System Resiliency Planning : Part 2 — Options to Support High Availability

Peter Aten
4 min readJan 21, 2021

--

High Availability (HA) is a desirable but sometimes poorly understood concept in system resiliency design. This post explores options to increase HA for your system, particularly via cloud computing infrastructure.

Other posts in this series:
Part 1 — Setting Objectives
Part 3 — Data Replication
Part 4 — Example Scenarios and Summary

High Availability (HA) vs. Disaster Recovery (DR)

Are these the same thing? If I have one, do I need the other? What separates them?

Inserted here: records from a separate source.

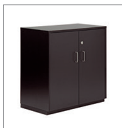
Sideboard BELLANO EUR 100,00 Pos.-Nr. 61-111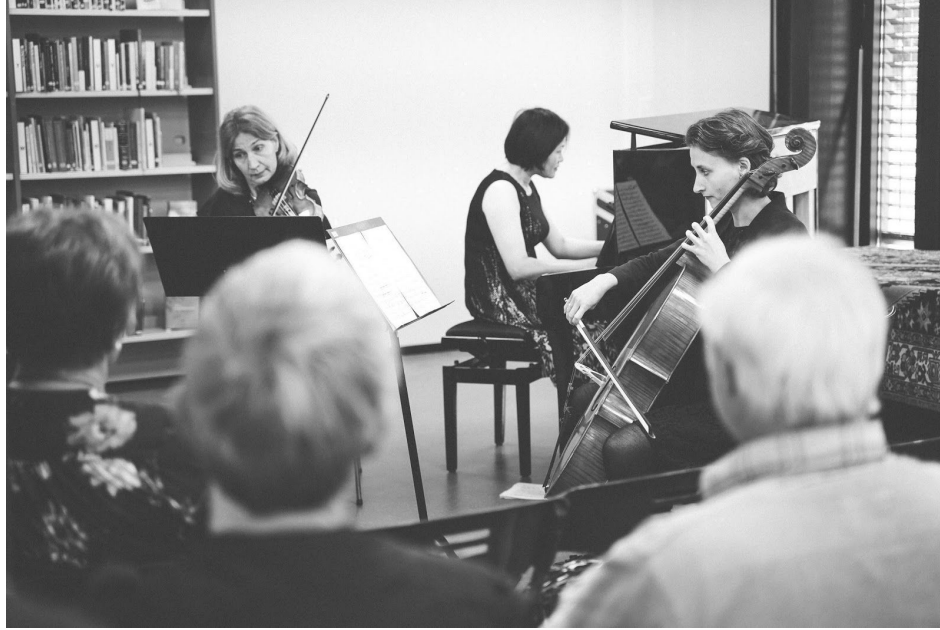
Gjøvik Trio på Gjøvik bibliotek og litteraturhus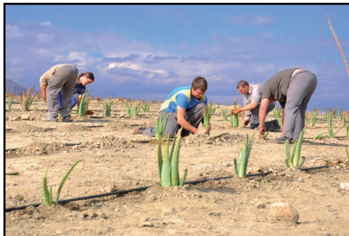
Personal del C.E.E. de ASPAPROS en las labores de plantación del Aloe Vera.

IX Jornadas de convivencia de ASPAPROS en Aguadulce Sigue en la pág. 4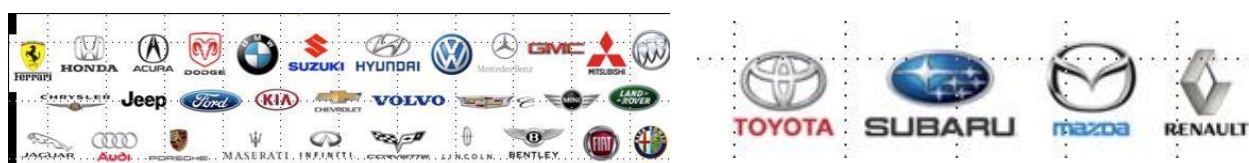
Abbildung 4 Übersicht Automarken mit Navigationssystemen von "Here" und "Tomtom"

Bitte beachten Sie, dass ein Update der Daten im Auto abhängig von einer Internetverbindung ist. Das heißt, ohne Verbindung zum Internet, werden die Daten in älteren Modellen nicht automatisch aktualisiert.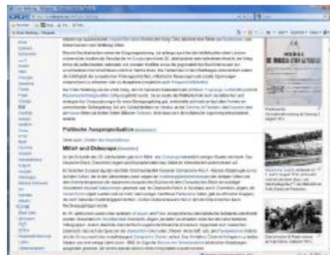
Wikipedia: Eine stark frequentierte und von mir mit betreute Seite ist „Erster Weltkrieg“. Hier habe ich u. a. ein Bild von der Mobilmachung in Fürth eingefügt. Der Kriegsbeginn wurde auch in Fürth von Teilen der Bevölkerung mit Begeisterung aufgenommen, wie das Bild leider nur zu deutlich zeigt (Mitte rechts). Vgl.: http://de.wikipedia.org/wiki/Erster_Weltkrieg

In dieser Internet-Enzyklopädie mit gewaltigen Zugriffszahlen (ca. 15 Milliarden Zugriffe jährlich) bin ich als Autor und als „Sichter“ (in etwa vergleichbar mit einem Lektor) tätig. Ich arbeite in Wikipedia auch Hinweise auf Fürth ein (natürlich nur dort, wo es sinnvoll ist), so dass damit indirekt Fürth als Stadt mit Geschichte eine immer größere Bekanntheit erlangt. Vorteil ist dabei, dass es bei uns viele einmalige Fotos von geschichtlichem Wert gibt, die von den die Urheber bzw. deren Erben zum allgemeinen Gebrauch freigegeben wurden, so dass sie auch in Wikipedia verwendet werden können - ein Beispiel ist der Fürther „Meisterfotograf“ Ferdinand Vitzethum.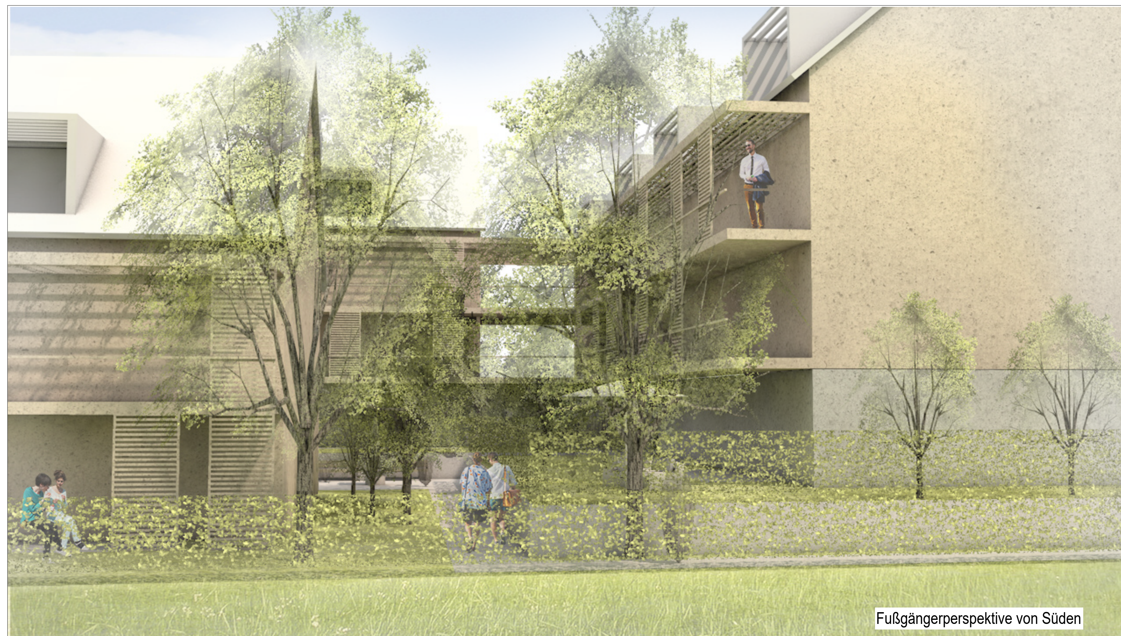
Fußgängerperspektive von Süden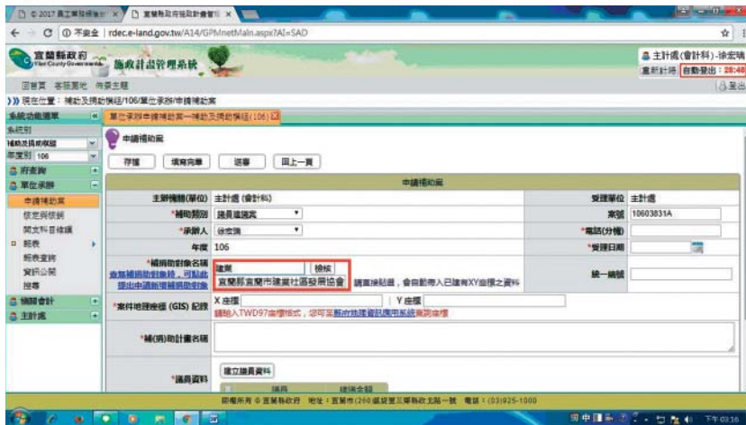
圖 2 系統畫面展示（檢核功能 1 - 按鈕）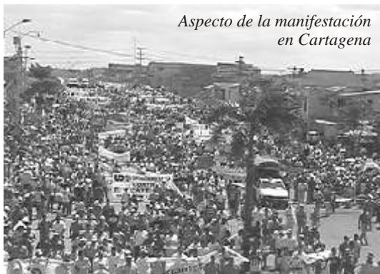
Aspecto de la manifestación en Cartagena

El oportunismo empotrado en los cascarrones de las centrales y apiñado en la Gran Coalición Democrática, admite abiertamente el crecimiento de la inconformidad y la rebeldía de las masas y se propone como viene haciéndolo desde hace varios años, ponerse al frente para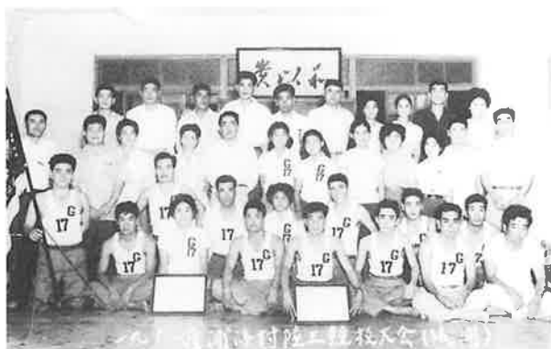
浦添村陸上競技大会 城間チーム 1961年（昭和36年）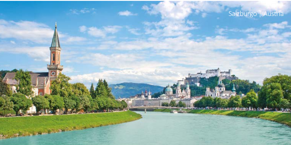
Salzburgo | Austria

9 Berchtesgaden - Lago Chiemsee - Múnich Por la mañana salida hacia Múnich. En el camino parada a orillas del Lago Chiemsee. Llegada a Múnich por la tarde y fin de los servicios.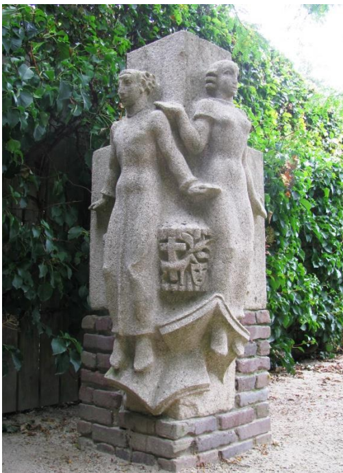
Afb. 2. Proza en Poësie gevelreliëf Kloosterman, 1950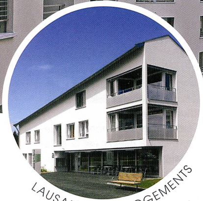
LAUSANNE - 61 LOGEMENTS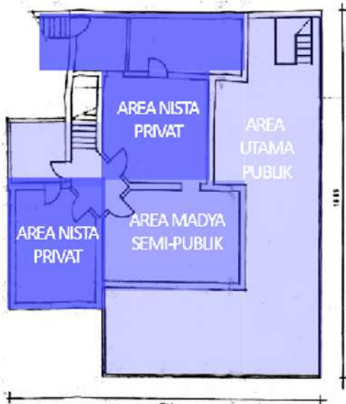
Gambar 3. Zoning Restoran Malioboro LT.2 Sumber: Analisa Pribadi, 2019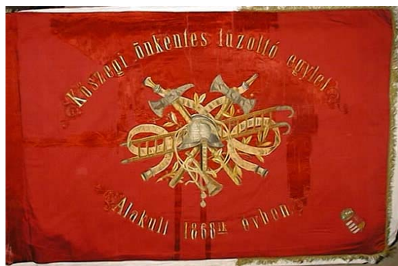
20a. és b kép. A Kőszegi Önkéntes Tűzoltó egylet zászlójának két oldala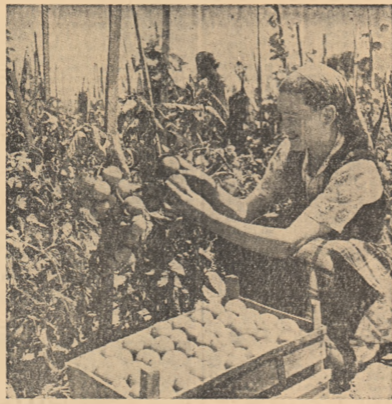
Harnice grădinișe din Cricin, regiunea Plovdiv, la culesul roșiilor.

Ce va da aceasta gospodăriei? Înainte de toate va deschide „cale liberă” metodei de producție în bandă rulantă a bumbacului. Din coșul mașinii de recoltat, „aurul alb” va fi descărcat în niște cărucioare mecanice, care, fără a mai trece pe la magaziele colhozului, îl vor duce direct la uscătorie, iar de-acolo bumbacul va fi luat în primire de mașinile fabricii de egrenat. Pentru prima oară în Uniunea Sovietică, colhoznicii vor livra statului nu bumbac brut, ci fibre pure pentru combinatele textile.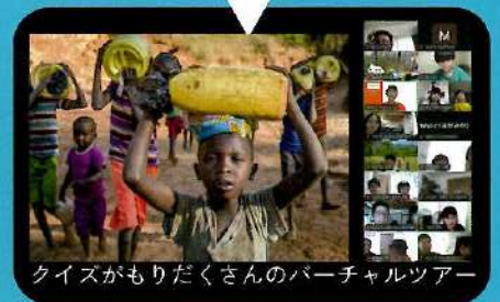
クイズがもりだくさんのバーチャルツアー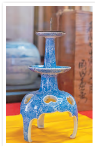
(写真上) ベリー来航の折、徳川家から賜ったという展示物の燭台 (写真左) すぐ近くには翁島と名付けられた別邸も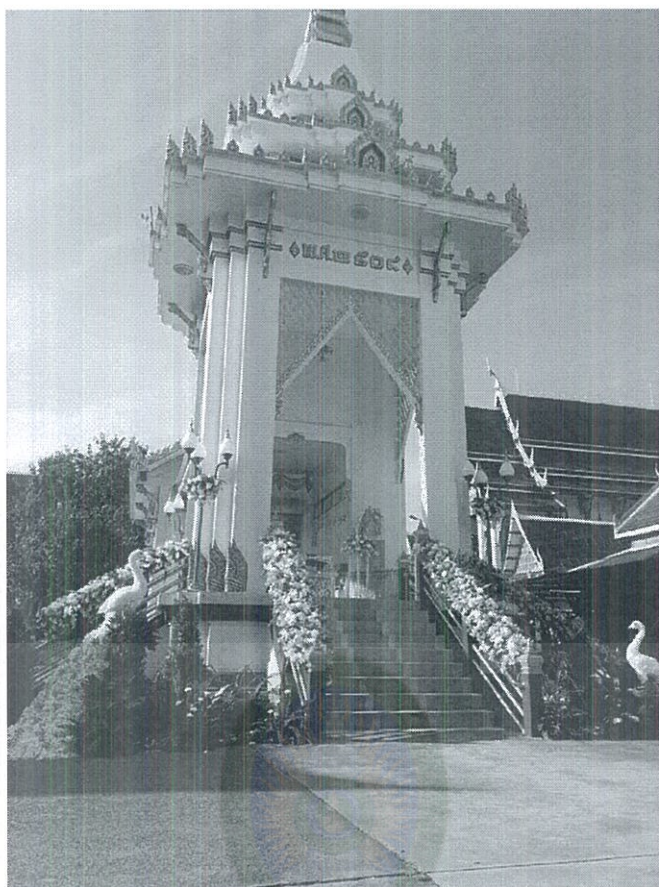
มหาวิทยาลัยราชภัฏมหาสารคาม ภาพที่ 4.8 แมรุวัดสารอด RAJABHAT MAHASARAKHAM UNIVERSITY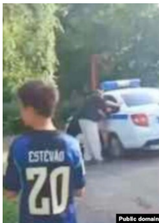
Похищения жителей в Пензенской области продолжаются

Подобная практика распространилась и на Дальний Восток. По словам местных, мужчин здесь отлавливают и избивают, принуждая к подписанию контрактов по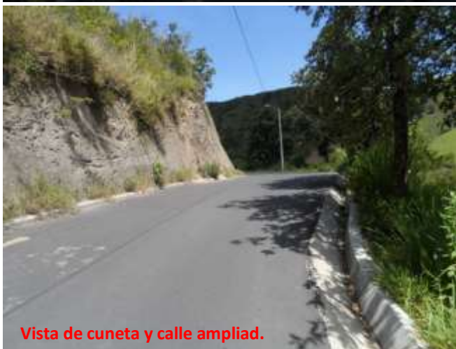
Vista de cuneta y calle ampliada.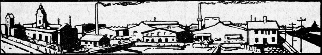
WERK IN DESSAU

Dr. Heinr. König u. Co. G.m.b.H. Chemische Fabrik - Leipzig-Plagwitz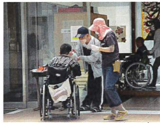
ただいまの消毒も自主的に

毎日のストレッチの後は、 軽作業や納品など その日の活動に分かれます 天気の良い日はお散歩に 行きます。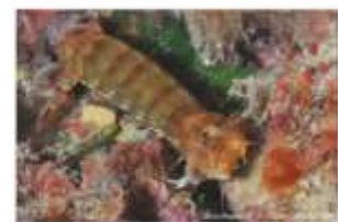
Squilla de Cérisy Pseudosquillaopsis cerisyi

3 espèces trouvées | Liste | Vignettes | Grandes images | Tri par nom scientifique A > Z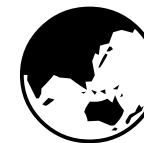
Región Beata María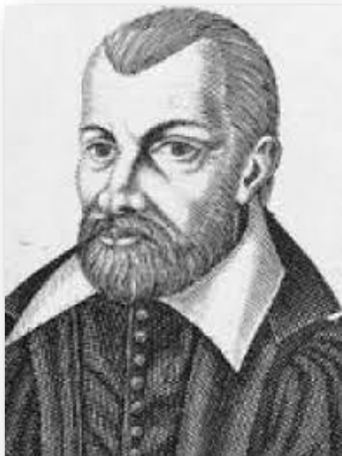
Жан Боден (1530-1596)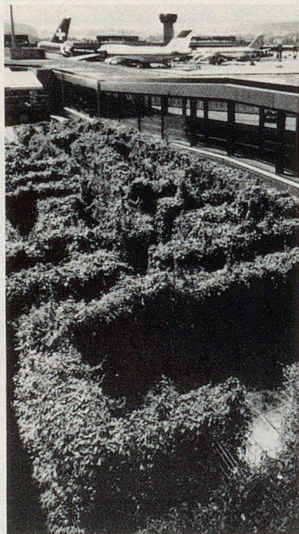
SOPRALENE EP 5.0 wh (antiracine) – étanchéité pour toiture-jardin. Garantie contre la pénétration des racines.

Les constructeurs doivent se prémunir des infiltrations. La meilleure solution est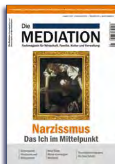
Ausgabe 2 | 2016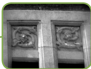
▲ ぶどうの房と茎のレリーフ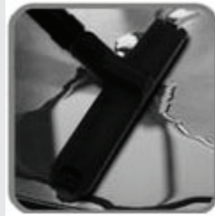
หัวดูดน้ำ สำหรับดูดพื้นเปียก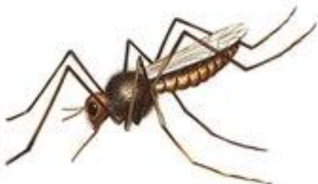
комар пищит пи-пи-пи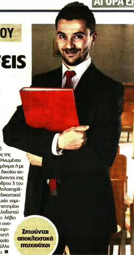
Ζητούνται αποκλειστικά πτυχιούχοι

δεκτοί όσοι: Ι . Έχουν άδεια άσκησης του δικηγορικού επαγγέλματος από δικηγορικό σύλλογο της χώρας ή από αρμόδια Αρχή κράτους-μέλους της Ευρωπαϊκής Ένωσης και του Ηνωμένου Βασιλείου ή είναι υπάλληλοι μόνιμοι ή με σύμβαση εργασίας ιδιωτικού δικαίου οριστού χρόνου, που περιλαμβάνονται στις κατηγορίες της παρ. 1 του άρθρου 3 του ν. 4440/2016 (Α' 224), συμβολαιογράφοι, δικαστικοί επιμελητές ή δικαστικοί υπάλληλοι και κατέχουν πτυχίο νομικής σχολής ημεδαπού πανεπιστημίου ή πτυχίο νομικής σχολής αλλοδαπού πανεπιστημίου, εφόσον έχει λάβει ακαδημαϊκή ή επαγγελματική αναγνώριση. ΙΙ . Έχουν γνώση χειρισμού ηλεκτρονικού υπολογιστή στα αντικείμενα: (Α) επεξεργασία κειμένων, (Β) υπολογιστικά φύλλα και (Γ) υπηρεσίες Διαδικτύου. ■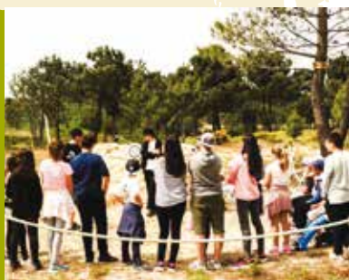
Ecoférias de Verão | de 25 a 28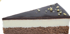
德式巧可蛋糕 370g (葷) (宅)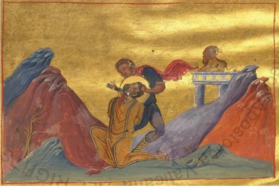
Res.5: Havarı Yakup'un Martyr Edilmesi (Bk. URL 5)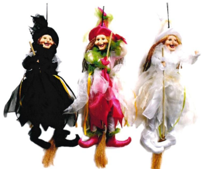
12177 – BEFANA ELEGANTE CM.45 ART.4319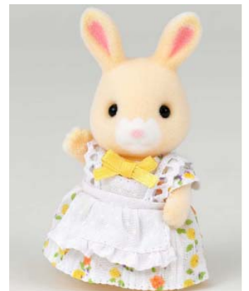
はなぞのウサギファミリー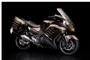
Metallic Magnesium Gray / Flat Super Black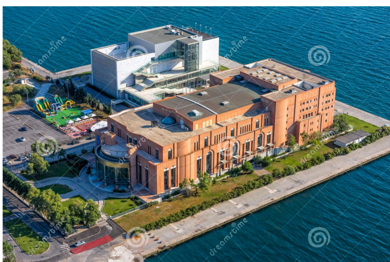
Μέγαρο Μουσικής Θεσσαλονίκης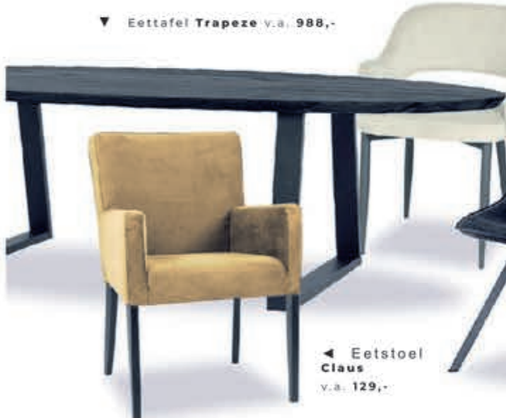
▼ Eettafel Trapeze v.a. 988,-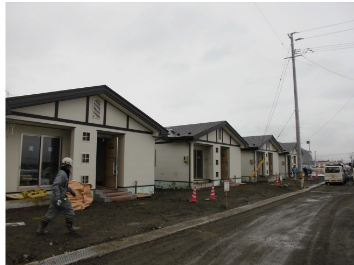
久慈湊・大崎地区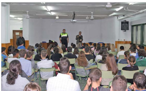
El edil de Seguridad Ciudadana estuvo presente en una de las charlas.

Los estudiantes conocen sus derechos y obligaciones como conductores, ciclistas o peatones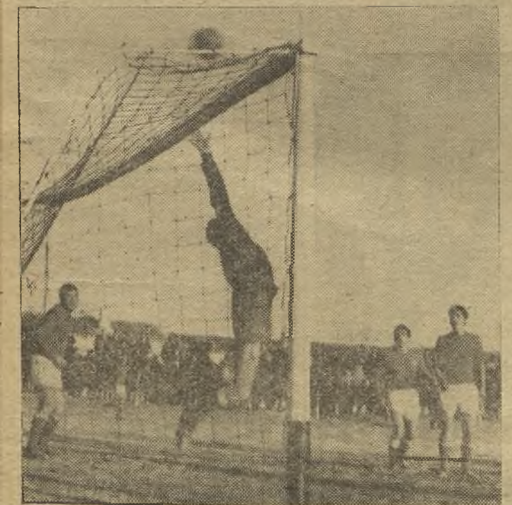
Faltó poco para que este tiro de Alias fuese gol, pero el Alcalá consiguió empatar en Socuellamos. (Foto Carrión). (Información en página trece)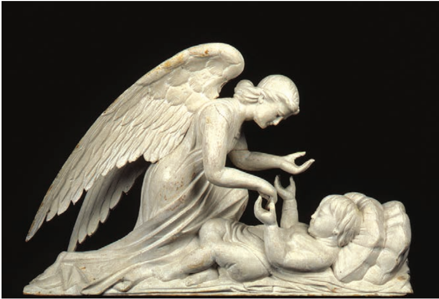
Anonyme, Ange penché sur un enfant , entre 1870 et 1900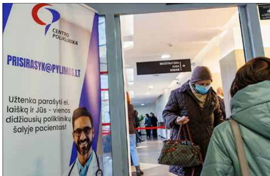
■ Na razie nie ma mowy o zakończeniu sezonu grypy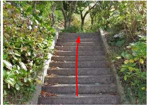
南側の階段を上る。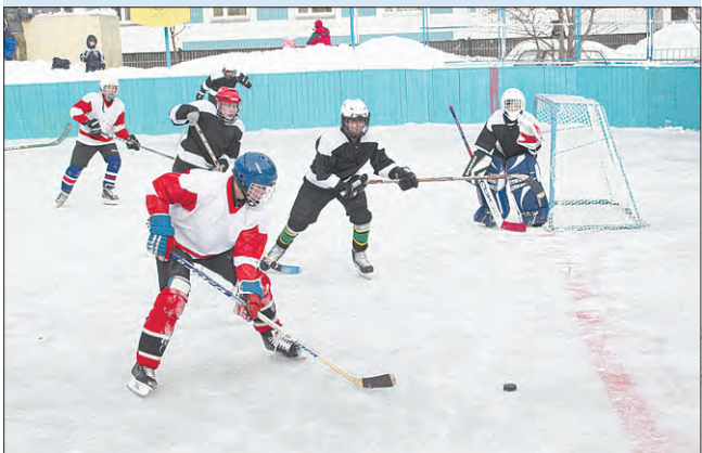
Хоккейный матч между командами Чертанова Северного и Чертанова Южного

Последний месяц зимы в Чертанове Северном был богат спортивными событиями.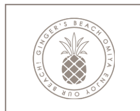
週替わりランチ Weekly Lunch スタッフにお尋ねください ¥1300～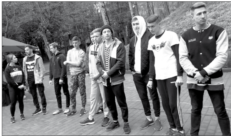
Воркаут-команда Offbeats в Национальном парке «Кисловодский».

впервые. Я знаю этих кисловодских ребят, они упорные. Так что непременно в ближайшее время освою то, что продемонстрировал гость из Ставрополя.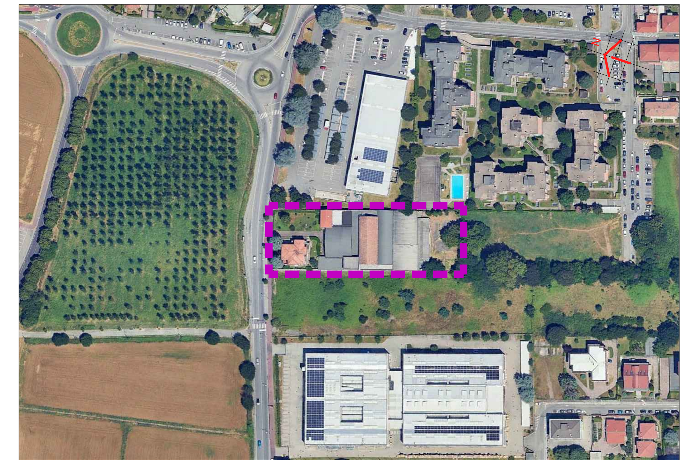
Immagine satellitare dell'area - STATO DI FATTO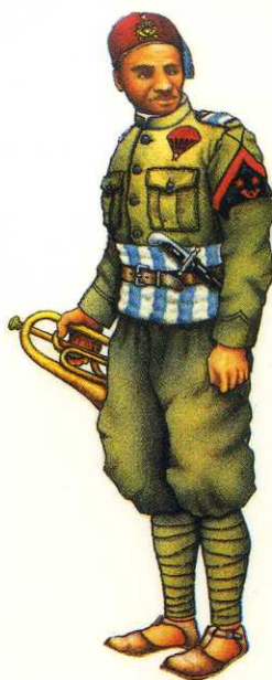
Regno d'Italia, 1938: Muntaz del Btg. Paracadutisti libici "Fanti dell'Aria". Kingdom of Italy, 1938: Corporal, Lybian "Infantrymen of the Air" bn.

HA is a widely-used, non-specific term to describe systems and/or system components that mitigate one or more failure modes which would otherwise cause a DR situation, generally by adding redundancy to eliminate single points-of-failure.

Incorporating HA architectural techniques into your system design where cost-effective is a great idea. These techniques help avoid disasters versus reacting to them.

Understand, though, that every system with HA design/components can still experience a DR scenario. Never assume that a system billed as “High Availability” mitigates all your failure modes or that it eliminates the need for a DR plan. Understand your remaining failure modes and your recovery plan.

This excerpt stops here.